I made it last as long as I could, then suddenly said, “Agh! I’m ... free ... I can move!” And I slid out from under Cheryl, and jumped up. The tableau was still intriguing, Mr. Weerawagan fucking her doggy-style, but my time was just about up. I wiped the mess off with a bunch of kleenex, still feeling pretty sticky, threw my clothes on, and said, as apologetically as I could, “I’m sorry, Miss, ....Cheryl, but I’m getting out while I can. I hope this control thing is weakening, for your sake, but maybe it isn’t, and this is freaking me out.” I opened the door, and headed for the stairs. The rest is my exit strategy, which I really don’t want to divulge too much about. Suffice it to say that I released Cheryl and Mr. Weerawagan from Control just a few minutes after leaving the room. (Beyond a certain distance it fades out anyway. The kickback, no; it has a long range.) A few minutes after that I got hit with the kickback, which would have made me stagger, but I was in a vehicle (not an airplane, I can reveal!) by that point. All the rage and loathing my victims had experienced came flooding into me, and I almost groaned. It was like having a massive hangover, a big price for partying hearty. Too big? It never seemed that way beforehand.

My consolation was imagining the scene in that penthouse suite: Cheryl hopping mad, Mr. Weerawagan in an agony of arousal, tempted perhaps to try to hold onto her for 10 seconds while he got his rocks off? It would be hard for anyone to resist.
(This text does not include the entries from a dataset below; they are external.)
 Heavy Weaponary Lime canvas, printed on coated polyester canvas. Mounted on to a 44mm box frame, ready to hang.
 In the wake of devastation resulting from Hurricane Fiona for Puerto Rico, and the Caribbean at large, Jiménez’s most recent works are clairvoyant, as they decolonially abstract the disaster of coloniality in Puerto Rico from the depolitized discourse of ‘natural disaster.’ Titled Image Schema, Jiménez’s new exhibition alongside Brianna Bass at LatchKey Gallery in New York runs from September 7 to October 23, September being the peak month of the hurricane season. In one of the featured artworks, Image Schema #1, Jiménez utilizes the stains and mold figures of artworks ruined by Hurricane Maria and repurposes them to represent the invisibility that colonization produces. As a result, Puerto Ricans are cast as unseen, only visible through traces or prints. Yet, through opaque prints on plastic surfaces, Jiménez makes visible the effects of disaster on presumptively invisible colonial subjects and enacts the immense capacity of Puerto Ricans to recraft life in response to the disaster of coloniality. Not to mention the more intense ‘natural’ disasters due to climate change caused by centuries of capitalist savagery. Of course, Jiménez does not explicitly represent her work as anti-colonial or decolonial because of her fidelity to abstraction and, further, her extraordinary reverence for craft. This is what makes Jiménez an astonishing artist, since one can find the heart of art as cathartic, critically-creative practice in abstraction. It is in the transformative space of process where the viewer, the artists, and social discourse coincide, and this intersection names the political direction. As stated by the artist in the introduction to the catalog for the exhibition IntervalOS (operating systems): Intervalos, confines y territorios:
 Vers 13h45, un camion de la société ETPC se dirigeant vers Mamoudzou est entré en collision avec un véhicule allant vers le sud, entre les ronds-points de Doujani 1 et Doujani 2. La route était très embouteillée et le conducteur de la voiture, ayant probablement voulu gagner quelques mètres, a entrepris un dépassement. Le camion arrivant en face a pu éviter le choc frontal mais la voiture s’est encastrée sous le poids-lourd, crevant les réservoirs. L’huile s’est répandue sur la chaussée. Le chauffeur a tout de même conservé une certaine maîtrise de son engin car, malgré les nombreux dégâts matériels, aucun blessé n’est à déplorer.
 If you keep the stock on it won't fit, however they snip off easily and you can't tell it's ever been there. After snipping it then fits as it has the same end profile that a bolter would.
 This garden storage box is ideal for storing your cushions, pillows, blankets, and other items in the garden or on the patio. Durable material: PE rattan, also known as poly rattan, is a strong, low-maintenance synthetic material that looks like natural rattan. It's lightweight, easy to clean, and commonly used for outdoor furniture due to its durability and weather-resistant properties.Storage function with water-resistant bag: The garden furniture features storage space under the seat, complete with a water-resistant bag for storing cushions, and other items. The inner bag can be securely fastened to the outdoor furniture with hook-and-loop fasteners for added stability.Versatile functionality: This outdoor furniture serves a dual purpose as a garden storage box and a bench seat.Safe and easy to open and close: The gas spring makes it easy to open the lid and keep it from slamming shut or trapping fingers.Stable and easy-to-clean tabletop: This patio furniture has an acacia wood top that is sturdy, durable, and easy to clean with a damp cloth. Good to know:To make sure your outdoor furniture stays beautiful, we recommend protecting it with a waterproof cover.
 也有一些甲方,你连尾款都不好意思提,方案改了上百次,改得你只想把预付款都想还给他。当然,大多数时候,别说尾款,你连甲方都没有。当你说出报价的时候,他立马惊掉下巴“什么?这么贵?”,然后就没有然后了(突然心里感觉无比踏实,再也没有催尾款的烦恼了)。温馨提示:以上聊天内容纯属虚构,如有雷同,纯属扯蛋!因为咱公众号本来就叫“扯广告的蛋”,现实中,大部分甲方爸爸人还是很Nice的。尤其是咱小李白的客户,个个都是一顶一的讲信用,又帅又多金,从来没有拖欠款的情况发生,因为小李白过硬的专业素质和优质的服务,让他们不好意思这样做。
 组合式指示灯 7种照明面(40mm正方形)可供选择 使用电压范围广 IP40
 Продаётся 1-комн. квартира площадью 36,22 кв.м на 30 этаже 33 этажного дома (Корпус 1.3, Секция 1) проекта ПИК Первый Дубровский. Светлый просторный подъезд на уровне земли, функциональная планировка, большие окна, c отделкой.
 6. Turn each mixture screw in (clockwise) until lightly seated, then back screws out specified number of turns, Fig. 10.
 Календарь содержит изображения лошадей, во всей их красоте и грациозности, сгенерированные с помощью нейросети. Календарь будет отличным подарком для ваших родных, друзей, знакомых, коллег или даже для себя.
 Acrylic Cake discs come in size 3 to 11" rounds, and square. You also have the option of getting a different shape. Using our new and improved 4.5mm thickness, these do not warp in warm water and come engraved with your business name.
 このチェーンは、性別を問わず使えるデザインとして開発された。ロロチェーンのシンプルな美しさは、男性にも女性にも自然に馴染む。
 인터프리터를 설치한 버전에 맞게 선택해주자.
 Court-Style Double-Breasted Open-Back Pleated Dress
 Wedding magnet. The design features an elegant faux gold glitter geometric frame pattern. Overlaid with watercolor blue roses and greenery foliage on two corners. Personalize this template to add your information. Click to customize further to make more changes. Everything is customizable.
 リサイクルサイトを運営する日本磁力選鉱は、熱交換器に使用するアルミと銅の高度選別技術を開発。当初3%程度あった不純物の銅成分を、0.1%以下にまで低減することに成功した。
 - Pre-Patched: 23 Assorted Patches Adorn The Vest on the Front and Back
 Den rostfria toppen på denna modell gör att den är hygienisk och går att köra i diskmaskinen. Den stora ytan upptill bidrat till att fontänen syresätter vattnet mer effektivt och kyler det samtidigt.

Whether he did or not, he would have a hard time convincing her that he was not responsible for their little pageant, that it was all the fault of that loathesome bastard Shaugnessy. If they called the police, no one would believe either of their stories, especially because they contradicted each other. One part of me hoped he really hadn’t raped her; there was enough danger of pregnancy even without him coming. Another part of me realized that if he did come inside her he would have a hard time passing a lie-detector test about whether he forced Cheryl to do anything against her will.

I admit, it’s hard to feel really good about yourself after using people like this. It takes a long time, days really, to get horny enough that such second thoughts fade and you start thinking of clever new schemes to use the power God or the Devil or someone gave you, for some purpose, probably not this one, but what the hell.